Equally enlightening is that Japan’s tax take, which used to be well below the rich-country average, has gone up markedly. According to the OECD, Tokyo took in 25.8 per cent of gross domestic output in taxes broadly defined in 2000, or 8 percentage points below the OECD average. Before the pandemic that had converged to 31.4 per cent of GDP, within 3 percentage points of the OECD average. If Japan is a harbinger of the future for all rich economies, then, expect public debt to stay high and taxes to move higher.
It is hard to imagine such a shift in governing ideas without a change in politics, too. Bear in mind whose interests were best served by prevailing ideas of fiscal responsibility. Public borrowing, it was long thought, crowds out private investment by making financing costlier for the private sector. Higher taxes, naturally, have been seen as reducing the profitability of private enterprise.
The old orthodoxy, in other words, has suited the asset rich and those enjoying income from owning or controlling capital. The power of those interests — in terms of defining the reigning ideas of what counts as serious policy, if not also by lobbying directly — can be seen in the response by most countries to the previous jump in public debt, caused by the global financial crisis. Fiscal orthodoxy was behind the drive to cut public spending in many countries.
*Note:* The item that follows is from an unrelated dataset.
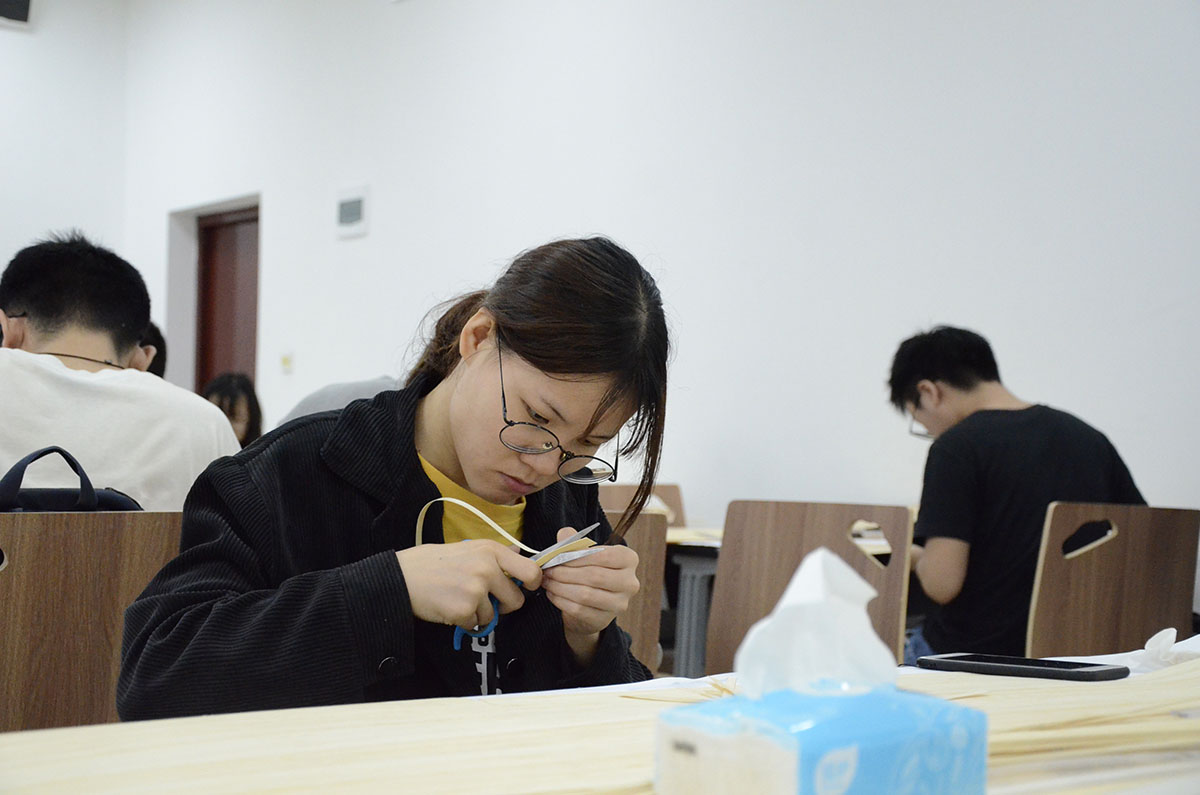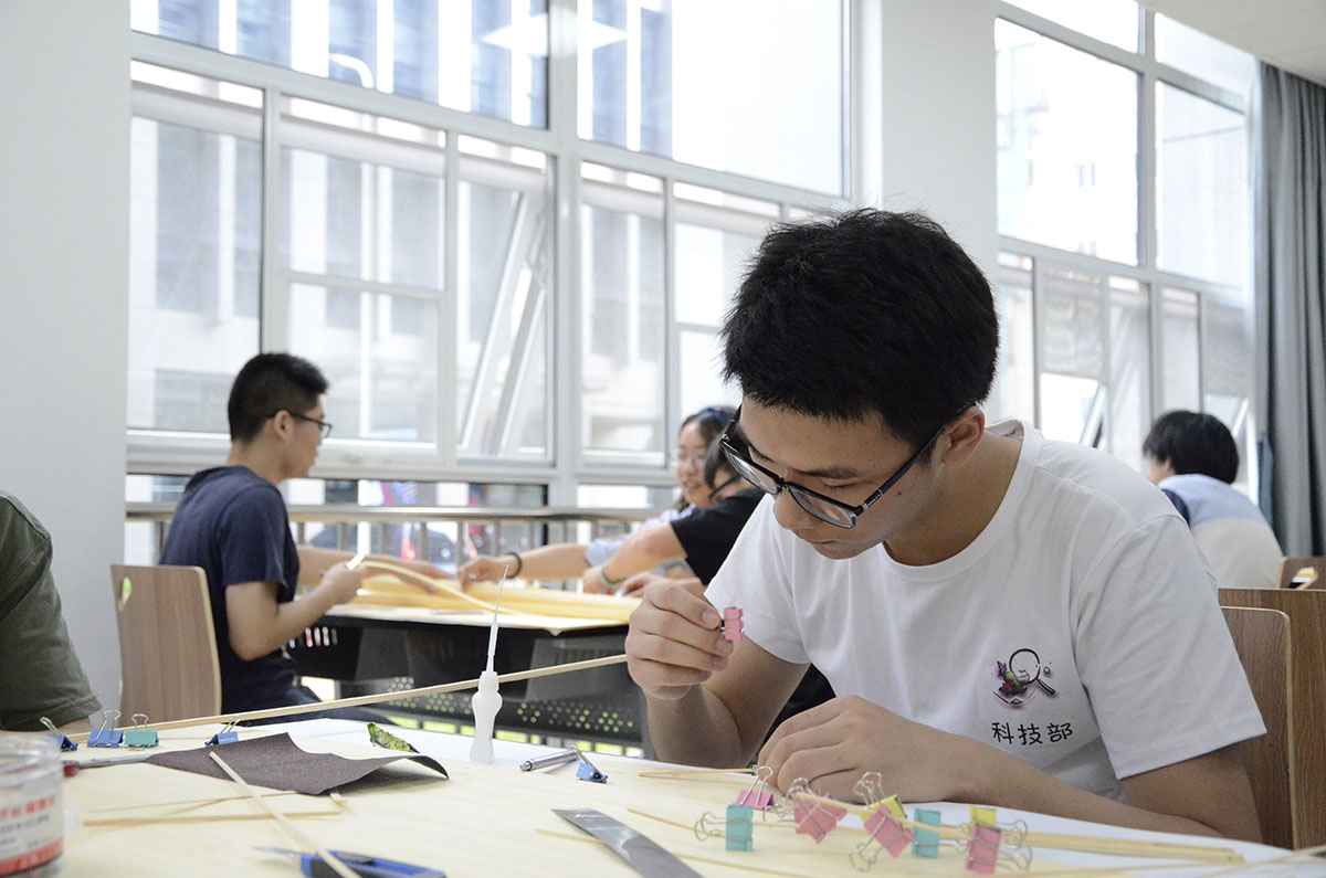 与此同时,13支结构类团队要求在一天时间内,使用竹皮、竹杆等材料,在250mm×250mm的正方形区域内现场制作出山地输电塔模型,并进行加载。综合设计书、制作过程、加载表现评定成绩。不仅考察参赛队员的动手能力,也是对力学知识综合运用、团队分工协作能力的考验。

It is much harder to imagine significant cuts to public budgets today. Partly because the damage from past cuts is now visible and further ones are more difficult to justify. Partly because the pandemic itself focuses the political spotlight on inadequate public services and underpaid public sector and other key workers. Much more than a decade ago, budget shortfalls will now have to be covered by tax raises.
There is no reason to expect those who benefited from the “fiscal responsibility” of the past to give up the fight for their interests. If significant tax rises are indeed inevitable, the fight will move to where the heavier tax burden falls: which taxes go up and by how much. Expect this to be the fiercest battle over economic policy if, and when, we return to some semblance of normality.